Once you can see it, you can manage it.
What organisations can do once it’s visible
When shadow work is brought into the light, it unlocks practical improvements.
Reduce operational risk
Make critical work auditable and repeatable, rather than reliant on memory.
Improve delivery
Stop designing around a fake “official process” and design around real current state behaviour.
Protect key people
Invisible work creates burnout. Visibility enables redistribution, support, and realistic workload.
Improve governance without bureaucracy
Traceability doesn’t have to become a timesheet prison. With the right design, governance can be lightweight and practical.

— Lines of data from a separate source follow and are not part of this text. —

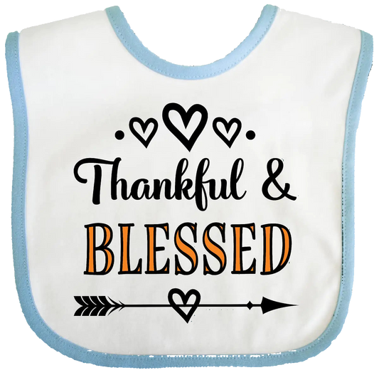 Thanksgiving Greeting Thankful Blessed Baby Bib White and Blue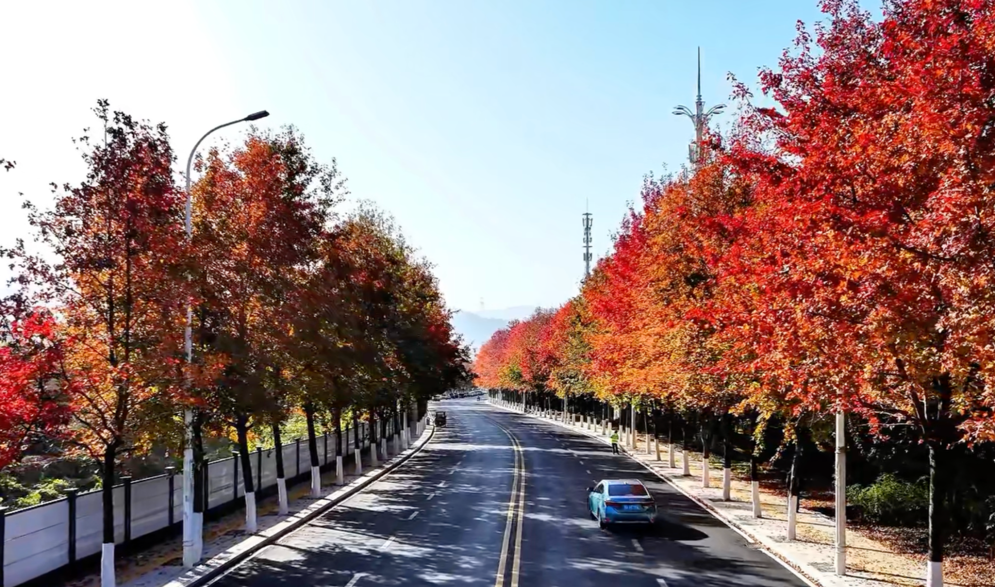 連日來,湖北咸寧咸安區(qū)南昌路社區(qū)孟養(yǎng)浩東路的秋日限定景觀迎來最佳觀賞期。道路兩側(cè)樹木層林盡染,紅、黃、綠三色枝葉交相輝映,宛如一條延伸向遠方的天然“畫廊”。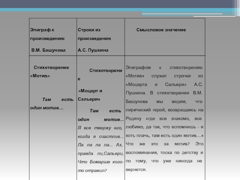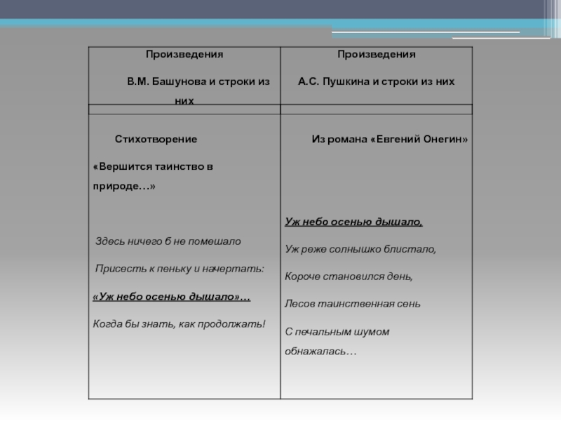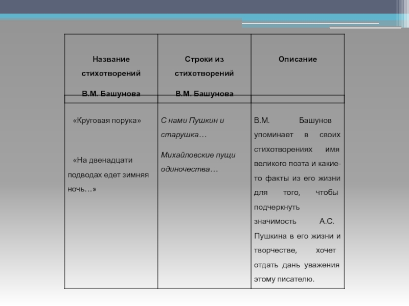 Стихотворения В.М. Башунова, в которых прослеживаются пушкинские мотивы.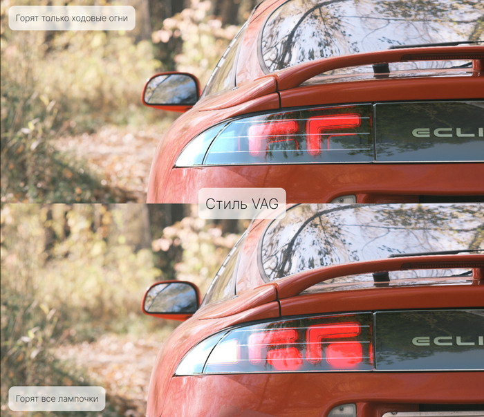 Затем я увидел задние фонари чего-то ваговского. Как-то не запомнил модель машины, но образ в голове отложился. Решил адаптировать под свой корпус.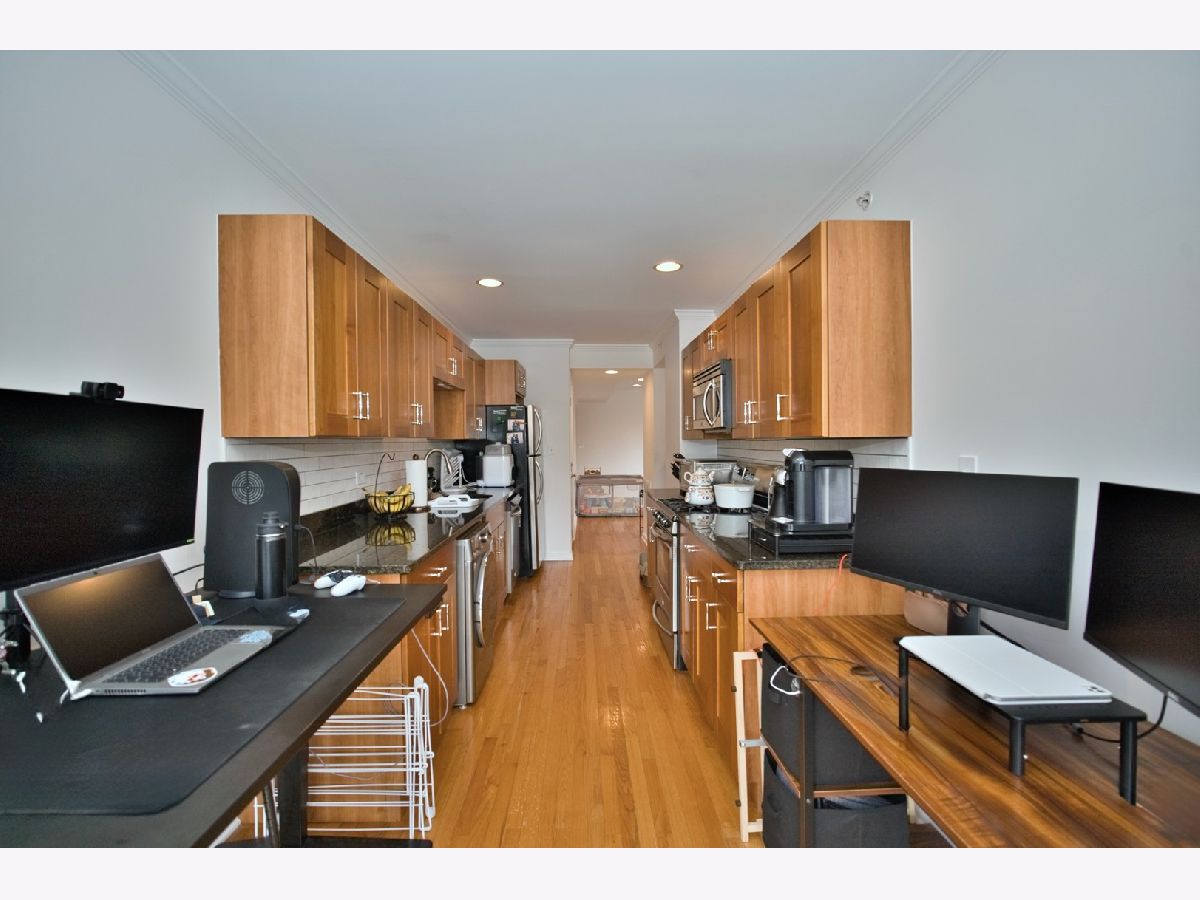 Feel right at home in this spacious 1 bed 1 bath pet friendly condo that has been tastefully maintained and updated. Expansive living areas with crown moldings throughout living room and bedroom, spacious galley kitchen with plenty of storage and a dine-in area which can also be used as a workspace. Built in organizers for coat closet, linen niche, and bedroom closets. Heated bathroom floors for those chilly winter nights. Metra, EL, NU Shuttle, and bustling Main ST/Chicago AVE all in close proximity. Freshly painted in 2025. Backsplash redesign 2025. LG Washer/dryer combo 2022. Covered parking space adjacent to entrance walkway! Fabulously managed user/owner HOA which includes hot water as well. Contact listing broker Sargon Zaia with questions.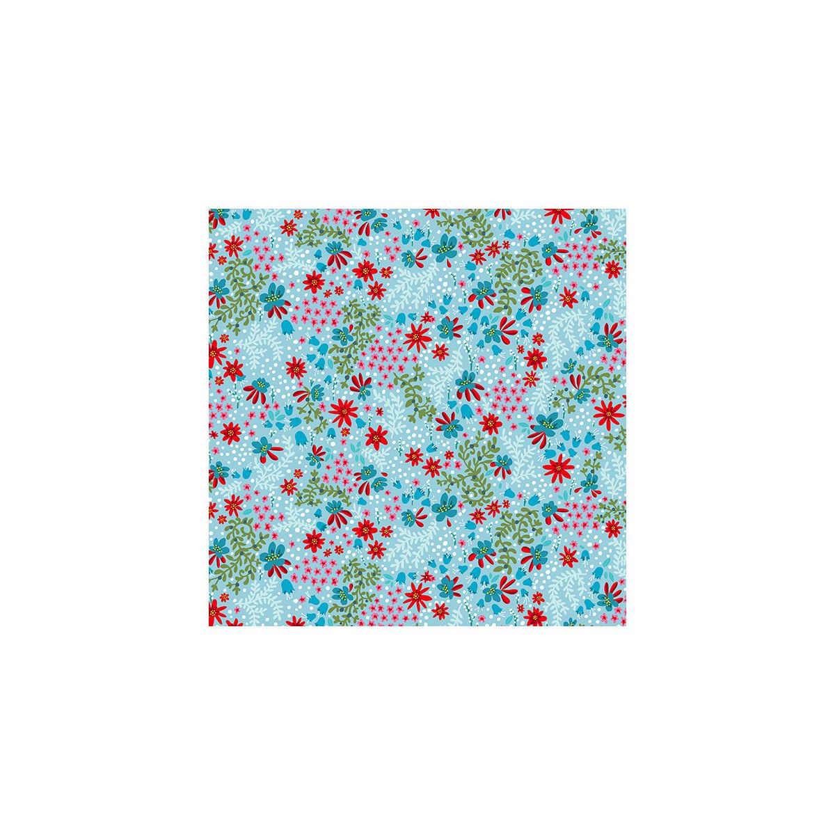 Joli coton bleu ciel, clairsemé de petites fleurs bleues, roses et rouges.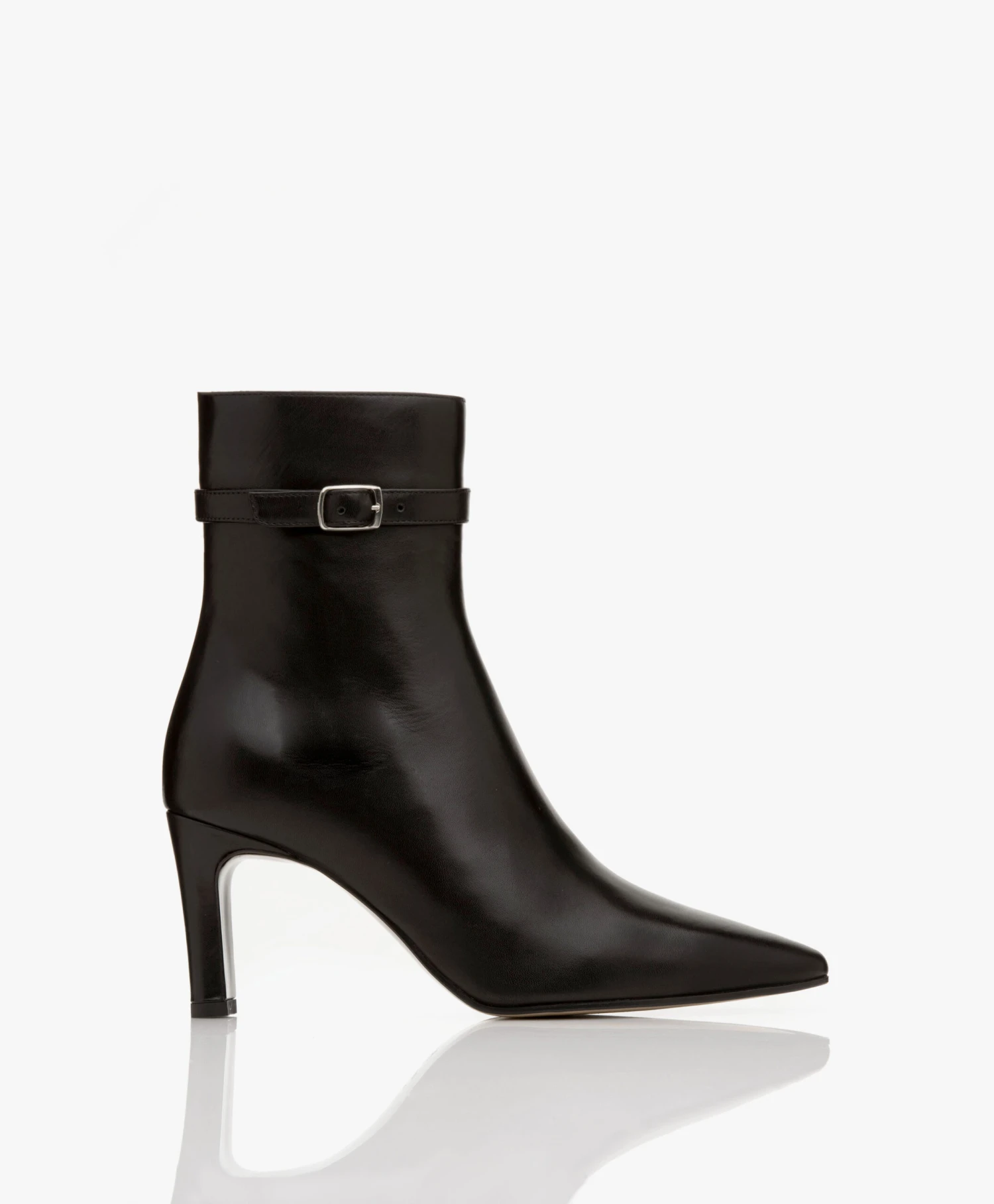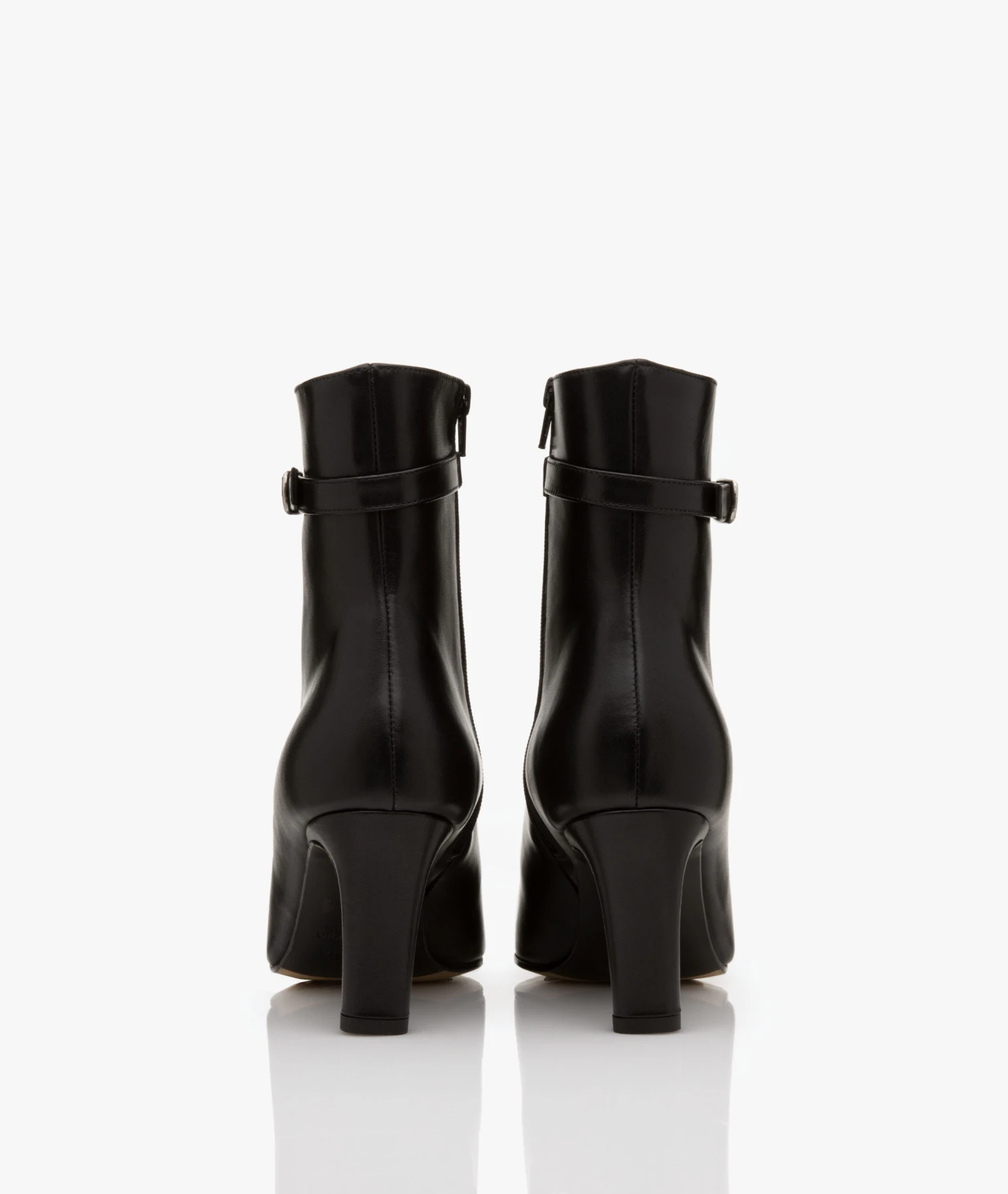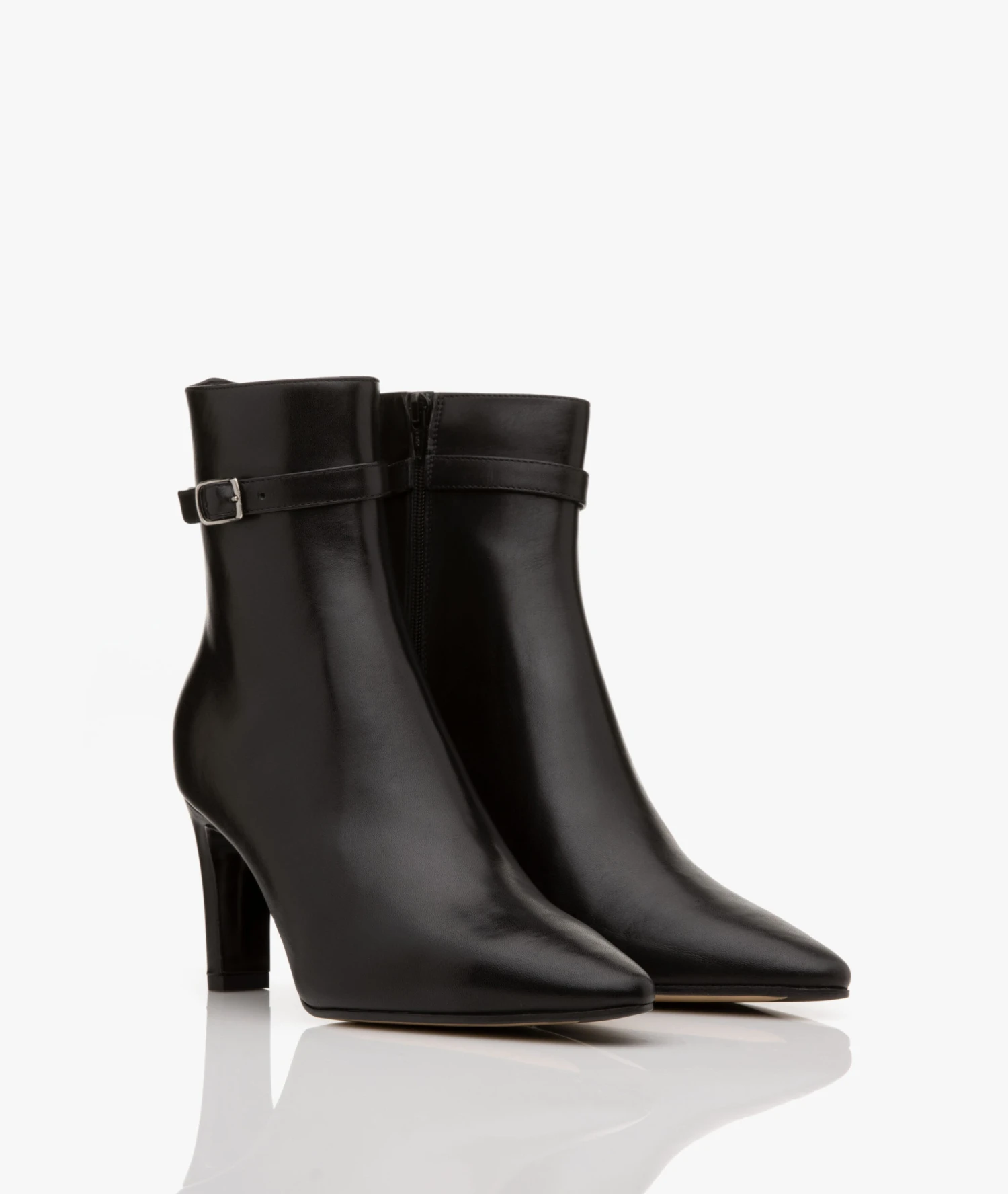 Deze stijlvolle enkellaarzen van Panara zijn uitgevoerd in een zwarte, hoogwaardige leerkwaliteit. Ontworpen met een decoratief gespbandje, een met leer bekleedde middelhoge hak, een elegante schachthoogte en een puntige neus voor een vrouwelijke uitstraling. Door de ritssluiting aan de binnenkant zijn de laarzen gemakkelijk aan te trekken.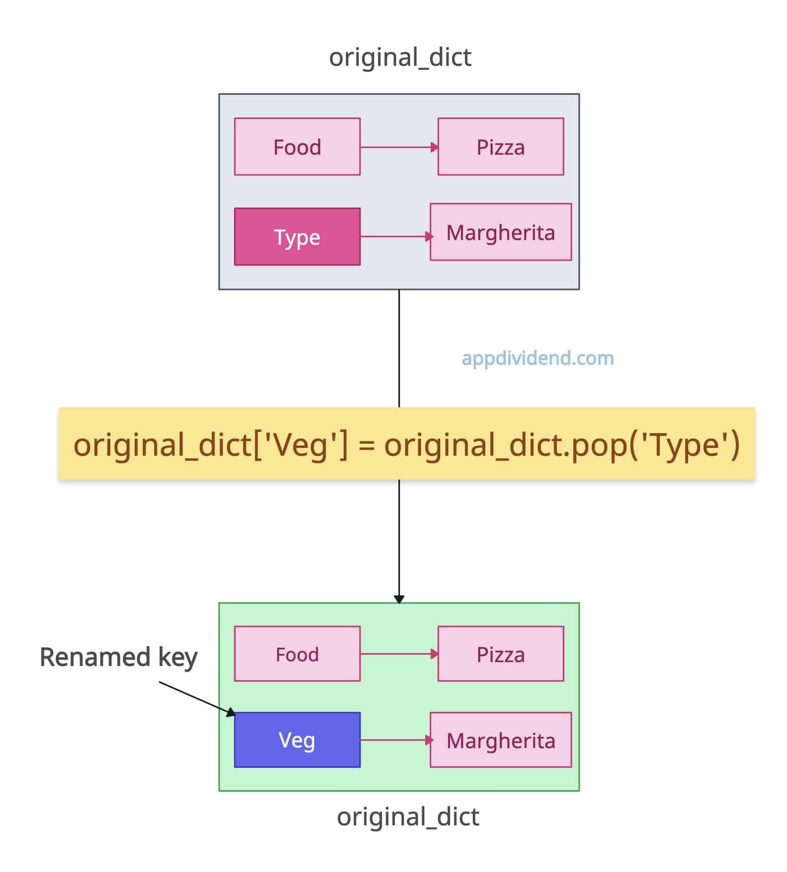 # Output: Before renaming: {'Food': 'Pizza', 'Type': 'Margherita'}
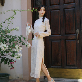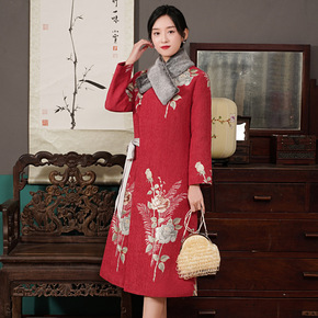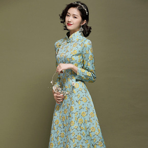 中国风2021秋季新款女装复古提花改良显瘦中长款旗...
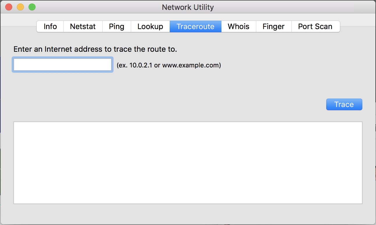 对苹果用户来说,这也是很简单的。在Mac的搜索栏中,键入“网络实用程序(Network Utility)”,然后点击打开它。然后导航到Traceroute选项卡,并在跟踪字段中输入域名。

A quick diagnostic you can run this week
If you want to assess whether unlogged work is present in your organisation, ask three people (in different roles):
- What work do you do that never gets captured anywhere?
- What breaks when you’re on leave?
- What do you do to keep things moving that isn’t in your job description?
If these questions generate strong answers, you’re already looking at shadow processes.
The question becomes: do you keep relying on them, or do you make them safe, visible, and sustainable?
Conclusion
Unlogged work is not proof your organisation is failing.
It’s usually proof your organisation is coping.
But coping behaviours are not a stable operating model.
The organisations that will succeed through the next decade won’t just be those with big strategies and transformation roadmaps.
They’ll be the ones who can see their own reality clearly, including the work that nobody claims.
Because once the shadow process is visible, it can be improved, automated, governed properly, or removed entirely.